Generally speaking, yes. It's a unit of potent models gathered together to protect one another and make it very difficult to eradicate in a turn or two. A deathstar is usually composed of a very powerful IC or two, strong support units that can take a lot of punishment (e.g. many wounds, great armor save, high toughness or any combination thereof) and excels at something that makes it a prime target for elimination (e.g. high powered shooting, superb CC capability, etc).

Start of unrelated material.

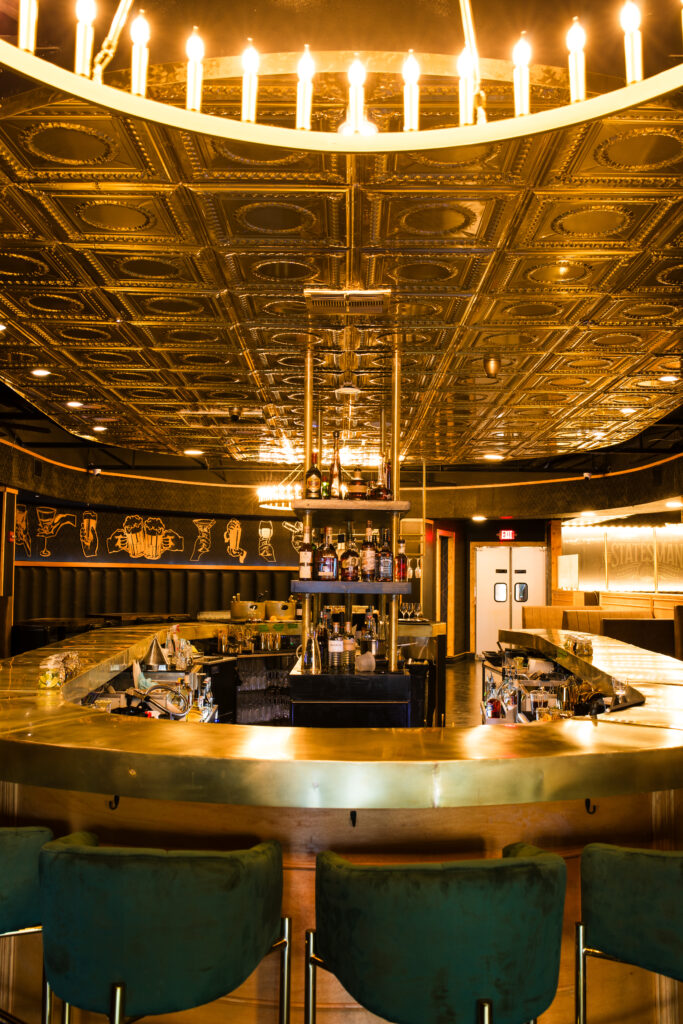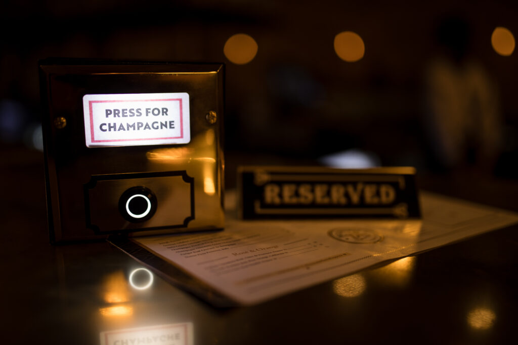 The interior has plush brown leather booths, timeless fixtures, and a central brass bar. World-renowned artist Michael Kalish contributes a bespoke 20-foot art piece to the ambiance of the interior that illustrates how to toast with different drinks. A unique and playful “Press for Champagne” button will signal the staff to bring over Champagne.
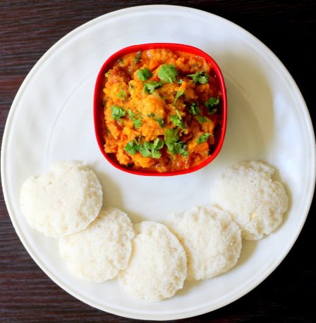 8 Nos Idli With 450 ml Masala Flavoured Steam Cooked Dal With Spices Made To Curry

For Tyranids, popular Deathstars include a brood of three Carnifexes w/ two Tyranid Primes and a closely trailing unit of Venomthropes, or a Swarmlord w/ three Tyrant Guard and a Tyranid Prime. In the former, the majority T for the unit against shooting is 6, so the lower T5 Tyranid Primes benefit from the wounds. "Look Out, Sir!" rolls supporting the Tyranid Prime can be distributed across multiple Fexes to preserve the unit longer. And in CC, having Lash Whips/Boneswords on the Primes will allow the Fexes to go faster than those in base contact with the Primes. The Swarmlord Deathstar is built in to the codex as is with minimal effort and really only counts as a deathstar in lower point games. The Fex deathstar, though, is very, very pricey regardless what point level you play at.
The common thread between deathstars is that it's very expensive to field and thus a serious dedication in terms of how your force will function. The opponent knows getting rid of it means the rest of the battle will be a mop-up job. That's why Deathstars are a veritable "all or nothing" proposition.